Наследник фараона
Шрифт:
Утром я сказал ей:
— Мерит, я разбил кувшин с женщиной, которой теперь нет в живых, и я все еще храню серебряную ленту, которой я завязывал ее длинные волосы. И все же ради нашей дружбы, Мерит, я готов разбить с тобой кувшин, если ты этого хочешь.
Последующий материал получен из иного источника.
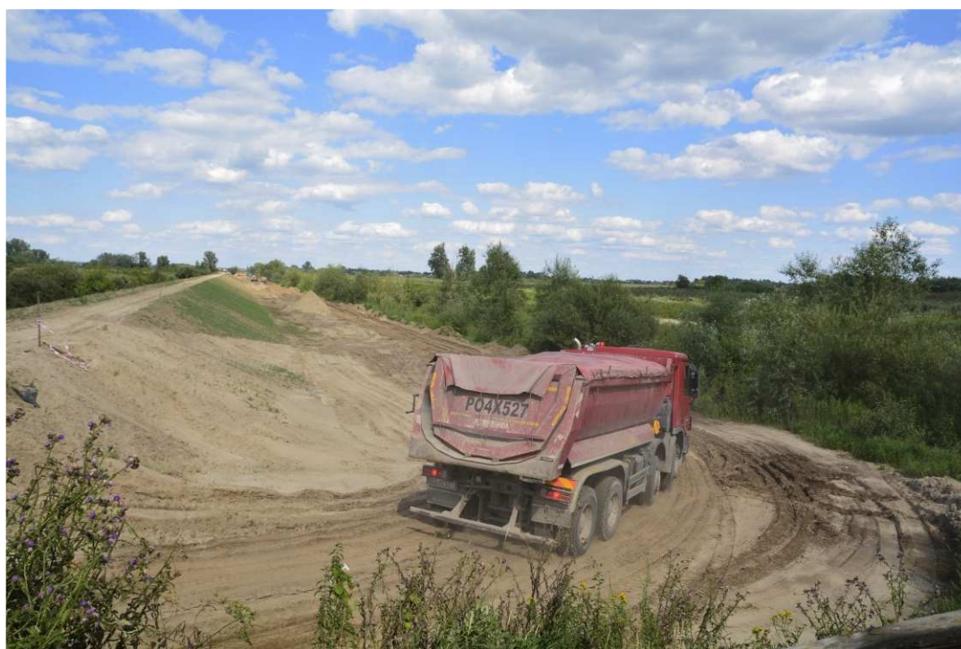
Foto. 32. Transport mas ziemnych do budowy wału przeciwpowodziowego – lewy brzeg Koprzywianki poniżej mostu na drodze Sońniczany-Skotniki, stan w trzeciej dekadzie lipca 2020 r. (widok w dół rzeki).
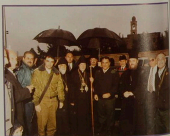
Շաբաթ 18 Յնվր. 2003. Հայկական Մեծնդի Ճրագալոյցի առաւօտուն երուսաղէմի Ընդհանուր Ոստիկանապետ եւ օգնականներ կ'այցելեն Պատրիարքարան, Մեծնդ շնորհաւորելու եւ բափօրը առաջնորդելու դէպի Բերդեհէմ:
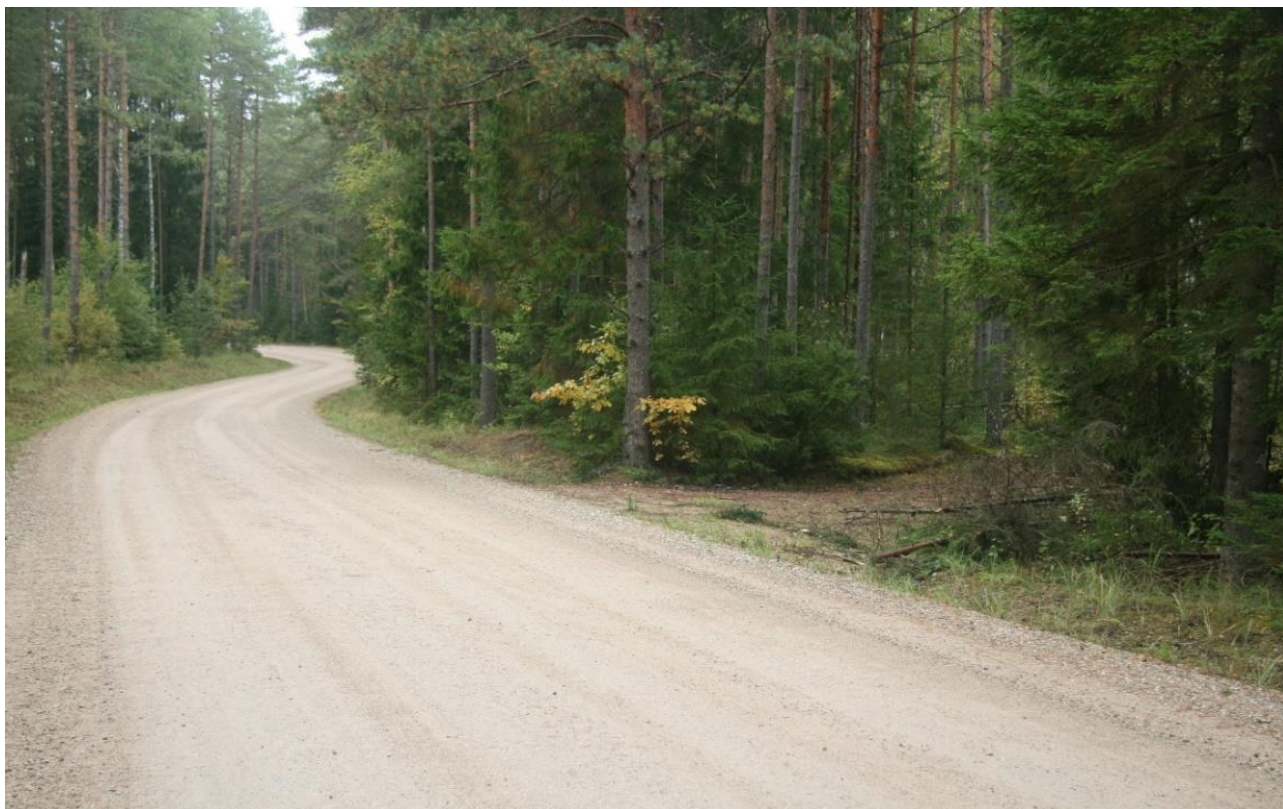
Foto 2. Kiisaniidu tee ristumine riigiteega.

Она зевнула, прикрывая рот рукой, и ответила:
— Тебе больше не следует пить «крокодилий хвост», Синухе, поскольку он заставляет тебя говорить такие глупости на следующий день. Вспомни, что я выросла в таверне и что я уже не невинная девочка, которая может поймать тебя на слове — и горько разочароваться!
— Когда я смотрю в твои глаза, Мерит, я верю, что на свете есть хорошие женщины, — сказал я и коснулся губами ее гладких щек. — Я сказал это для того, чтобы ты
Она улыбнулась.
— Ты заметил, что я запретила тебе пить «крокодилий хвост», ведь женщины прежде всего проявляют свою любовь к мужчине, запрещая ему что-то, дабы почувствовать свою власть. Давай не говорить о кувшинах, Синухе. Ты знаешь, что моя циновка к твоим услугам, когда тебе одиноко или грустно. Но не обижайся, если узнаешь, что и кроме тебя есть одинокие и грустные, ибо, как и всякий человек, я тоже вольна выбирать себе друзей, и ты тоже ничем не связан. Итак, несмотря ни на что, я сама дам тебе «крокодилий хвост.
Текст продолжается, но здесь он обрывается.